REQUIREMENT ::
I would like you to output every record below exactly, apart from the pictures.

Stored records:
*** Block opens ***
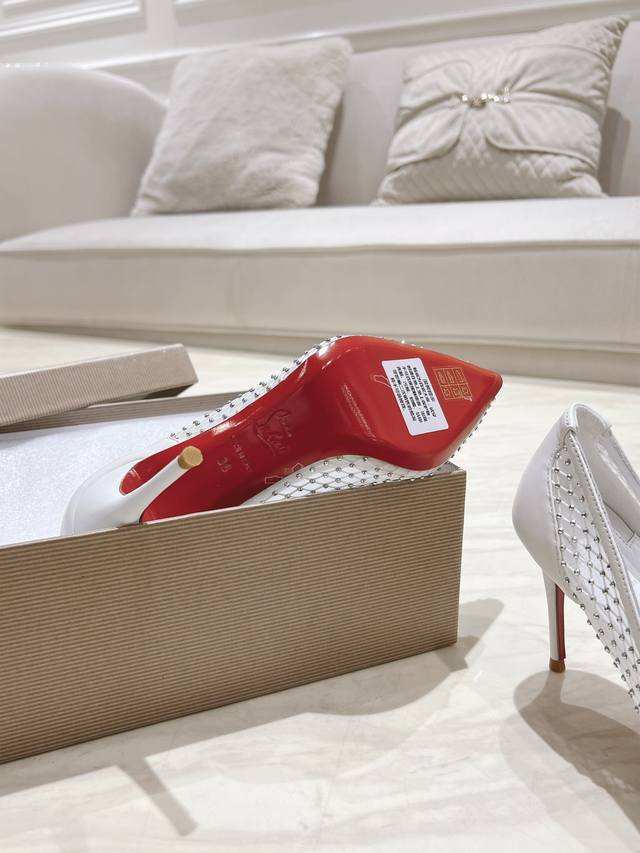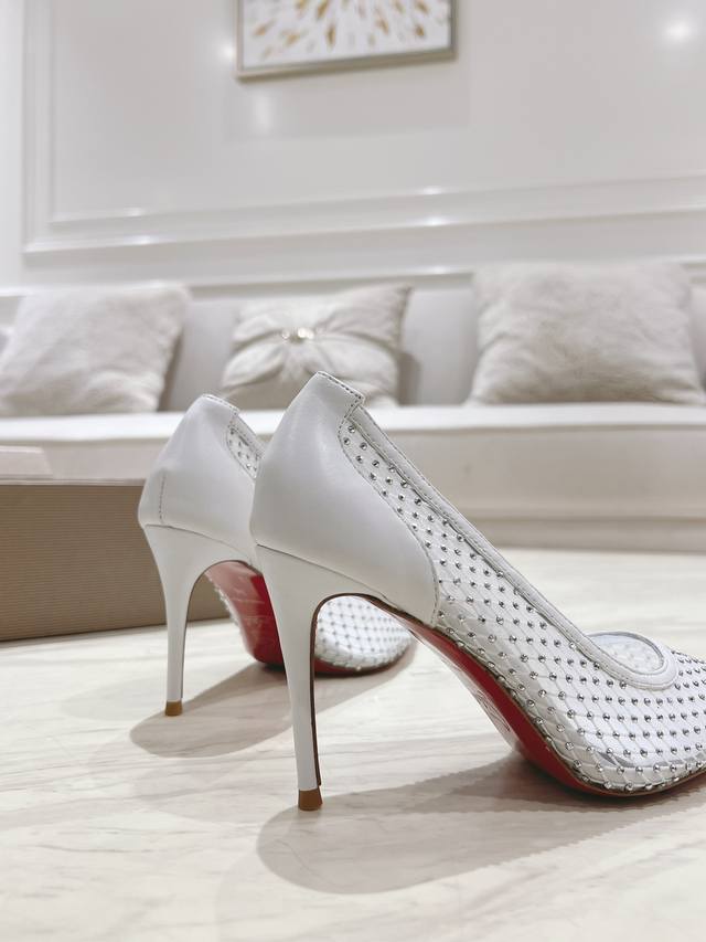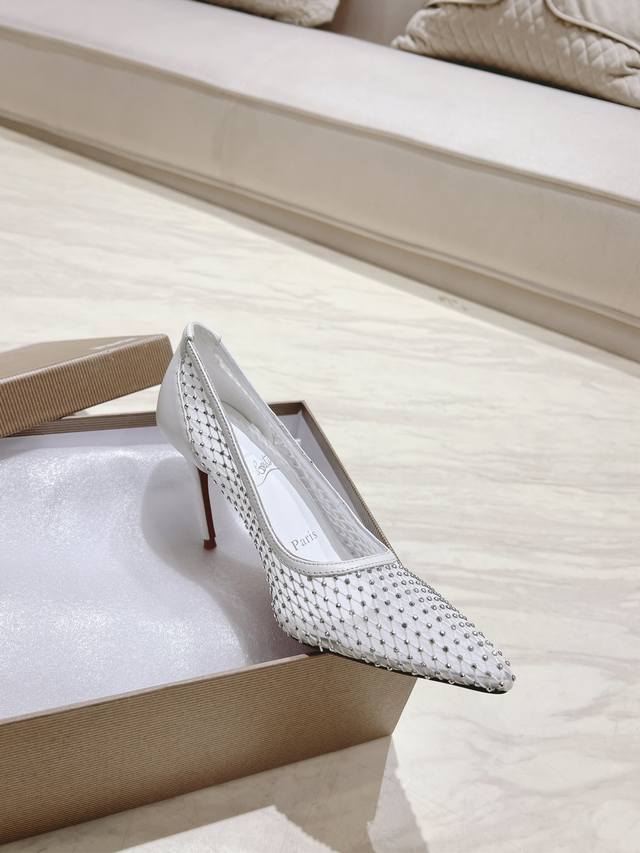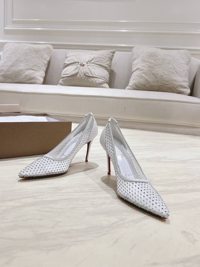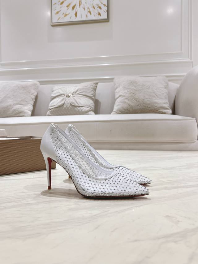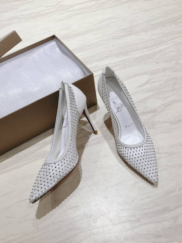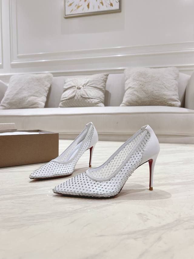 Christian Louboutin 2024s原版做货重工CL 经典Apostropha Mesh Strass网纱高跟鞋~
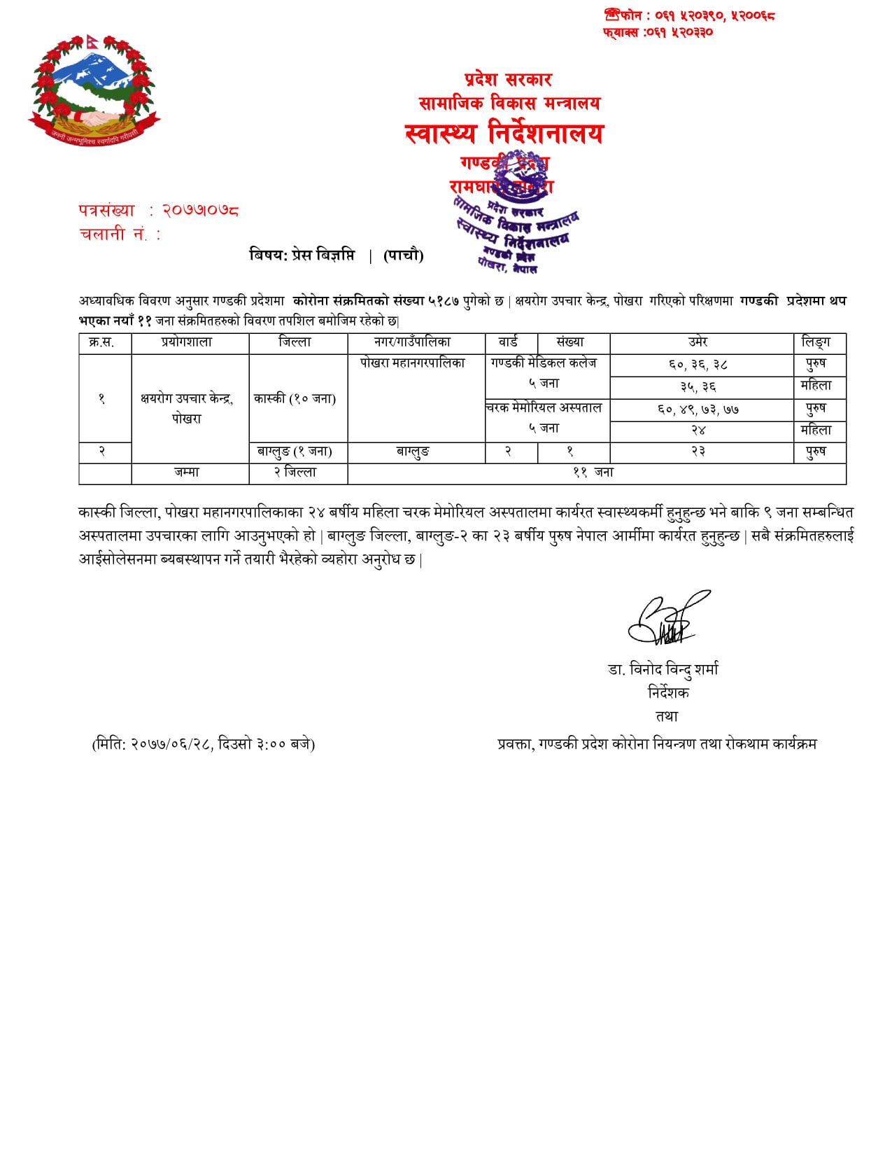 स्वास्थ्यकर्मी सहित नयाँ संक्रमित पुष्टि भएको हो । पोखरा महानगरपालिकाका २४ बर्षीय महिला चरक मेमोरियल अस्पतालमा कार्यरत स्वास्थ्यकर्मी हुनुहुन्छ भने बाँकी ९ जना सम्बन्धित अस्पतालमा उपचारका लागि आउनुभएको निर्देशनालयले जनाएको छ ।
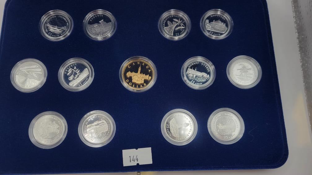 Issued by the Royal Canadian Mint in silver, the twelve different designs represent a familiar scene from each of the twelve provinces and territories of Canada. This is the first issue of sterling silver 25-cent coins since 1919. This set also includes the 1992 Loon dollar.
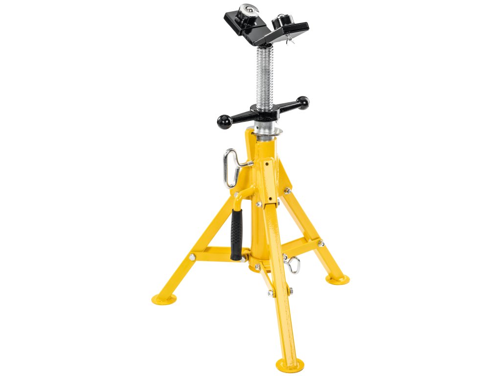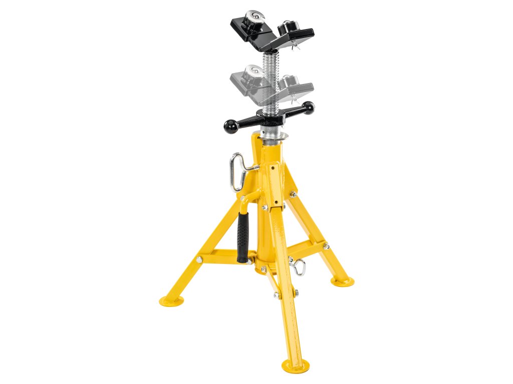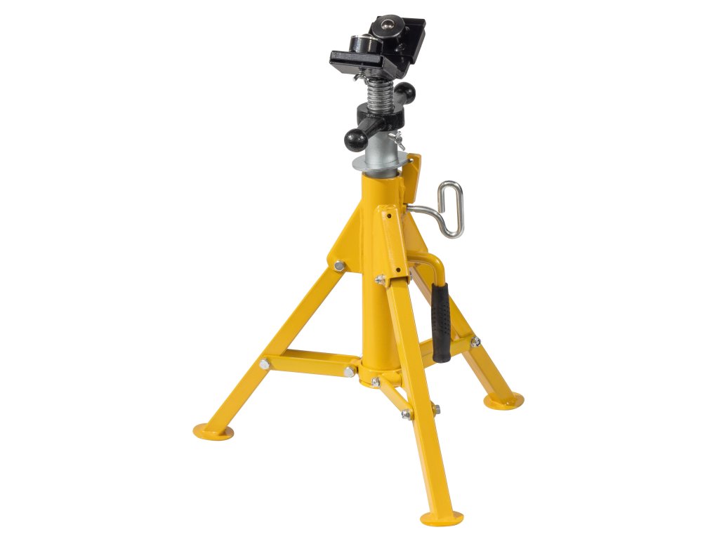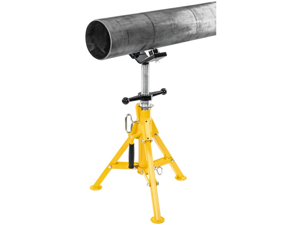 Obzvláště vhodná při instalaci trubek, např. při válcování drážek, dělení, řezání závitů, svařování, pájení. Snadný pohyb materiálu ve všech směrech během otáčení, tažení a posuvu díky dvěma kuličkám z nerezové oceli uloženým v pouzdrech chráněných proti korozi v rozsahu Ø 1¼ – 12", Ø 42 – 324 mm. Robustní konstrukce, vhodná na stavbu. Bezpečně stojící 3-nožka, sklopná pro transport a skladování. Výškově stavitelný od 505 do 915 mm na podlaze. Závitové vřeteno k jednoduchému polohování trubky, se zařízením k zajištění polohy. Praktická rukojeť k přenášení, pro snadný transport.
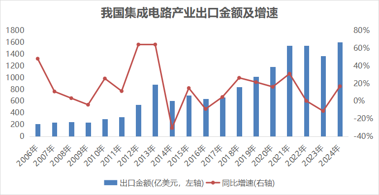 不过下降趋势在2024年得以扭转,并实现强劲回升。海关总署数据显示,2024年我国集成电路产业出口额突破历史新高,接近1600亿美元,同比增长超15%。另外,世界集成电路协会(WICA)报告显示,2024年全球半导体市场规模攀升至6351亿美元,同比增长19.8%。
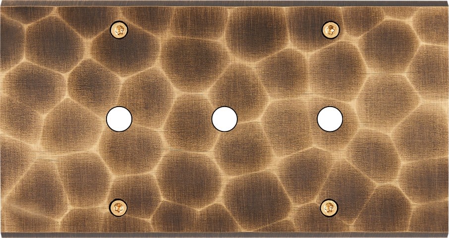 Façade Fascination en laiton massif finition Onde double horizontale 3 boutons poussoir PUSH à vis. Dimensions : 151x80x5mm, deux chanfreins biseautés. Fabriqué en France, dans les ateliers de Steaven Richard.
*** Block closes ***
TASK OUTPUT ::
 Christian Louboutin 2024s原版做货重工CL 经典Apostropha Mesh Strass网纱高跟鞋~
 स्वास्थ्यकर्मी सहित नयाँ संक्रमित पुष्टि भएको हो । पोखरा महानगरपालिकाका २४ बर्षीय महिला चरक मेमोरियल अस्पतालमा कार्यरत स्वास्थ्यकर्मी हुनुहुन्छ भने बाँकी ९ जना सम्बन्धित अस्पतालमा उपचारका लागि आउनुभएको निर्देशनालयले जनाएको छ ।
 Issued by the Royal Canadian Mint in silver, the twelve different designs represent a familiar scene from each of the twelve provinces and territories of Canada. This is the first issue of sterling silver 25-cent coins since 1919. This set also includes the 1992 Loon dollar.
 Obzvláště vhodná při instalaci trubek, např. při válcování drážek, dělení, řezání závitů, svařování, pájení. Snadný pohyb materiálu ve všech směrech během otáčení, tažení a posuvu díky dvěma kuličkám z nerezové oceli uloženým v pouzdrech chráněných proti korozi v rozsahu Ø 1¼ – 12", Ø 42 – 324 mm. Robustní konstrukce, vhodná na stavbu. Bezpečně stojící 3-nožka, sklopná pro transport a skladování. Výškově stavitelný od 505 do 915 mm na podlaze. Závitové vřeteno k jednoduchému polohování trubky, se zařízením k zajištění polohy. Praktická rukojeť k přenášení, pro snadný transport.
 不过下降趋势在2024年得以扭转,并实现强劲回升。海关总署数据显示,2024年我国集成电路产业出口额突破历史新高,接近1600亿美元,同比增长超15%。另外,世界集成电路协会(WICA)报告显示,2024年全球半导体市场规模攀升至6351亿美元,同比增长19.8%。
 Façade Fascination en laiton massif finition Onde double horizontale 3 boutons poussoir PUSH à vis. Dimensions : 151x80x5mm, deux chanfreins biseautés. Fabriqué en France, dans les ateliers de Steaven Richard.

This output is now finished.